The SPU also stores in special "circular" buffers some of the data it plays back so that the CPU can use it for its own purposes.
SPU memory map:
00000h-003FFh CD Audio left (1Kbyte) ;\CD Audio after Volume processing
00400h-007FFh CD Audio right (1Kbyte) ;/signed 16bit samples at 44.1kHz
00800h-00BFFh Voice 1 mono (1Kbyte) ;\Voice 1 and 3 after ADSR processing
00C00h-00FFFh Voice 3 mono (1Kbyte) ;/signed 16bit samples at 44.1kHz
01000h-xxxxxh ADPCM Samples (first 16bytes usually contain a Sine wave)
xxxxxh-7FFFFh Reverb work area
Only the input data from the CD and channels 1 and 3 are stored (why exactly 1 and 3 - Sony engineers decided so 😃)
The data exchange between SPU memory and CPU memory is done via DMA, parallel to audio playback.
The CD/Audio system has changed in the SCPH-7500 (PU-22) series. The schematic is from the service manual:
The SPU has now become part of big chip with the index IC732, as Audio DSP. The most noticeable change:
- They added a SUB-CPU interface to the picture for some reason, not sure why yet. Perhaps newer versions of SUB-CPU contain a new version of ROM, which controls the work of Audio DSP. Or maybe to show that the CD decoder is controlled by the CPU through the Host interface, which passes control further down the chain, to the SUB-CPU interface.
- The DAC has now become part of the chip. For this reason, the older versions of the PSX are more appreciated by audiophiles, because of the greater modding possibilities. In the days when the SPU was a separate chip, the output (as serial data) was fed to a DAC made by Asahi Kasei.
The DAC looks like this:
Datasheet available: Datasheet
The input is 1-bit serial data from SPU (LRCK, BICK, SDATA), inside DAC contains a lot of interpolators and other incomprehensible devices, as a result on the output we get perfect analog stereo signal (AOUTL, AOUTR).

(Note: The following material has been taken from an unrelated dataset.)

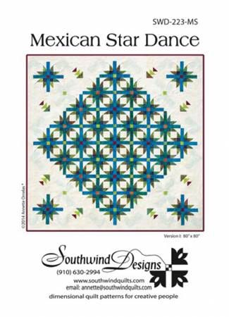 From Southwind Designs By Ornelas, Annette In Quilts Mexican Star Dance is a dimensional curved piecing pattern in two settings and sizes. 80in x 80in and 65in x 80in. It is a larger expanded version of the popular Mexican Stars pattern.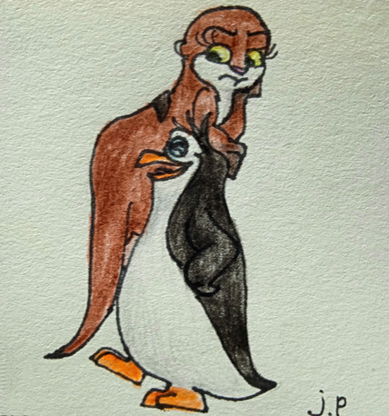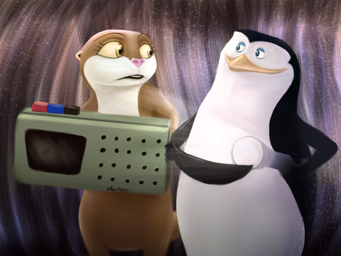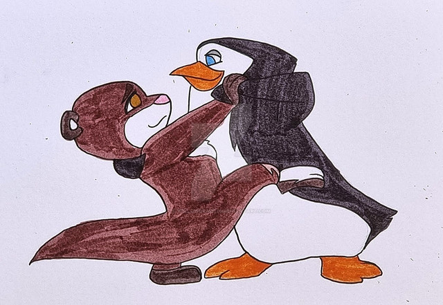I decided to redraw in my way a title drawing from episode "Otter Woman" from Penguins of Madagascar series here. Here's reference image from that episode which inspired me to draw such drawing:Β

As with any DAC, two power circuits are used here - digital (DVDD,DVSS) and analog (AVDD,AVSS). The voltages VREFL and VREFH set the lower and upper limit of the analog signal voltage, respectively (usually VREFH=AVDD, VREFL=AVSS).
The DZF output pin is set if there has been no sound on the input for too long (SDATA=0), reset automatically.
The sample format is 16-bit with a sign.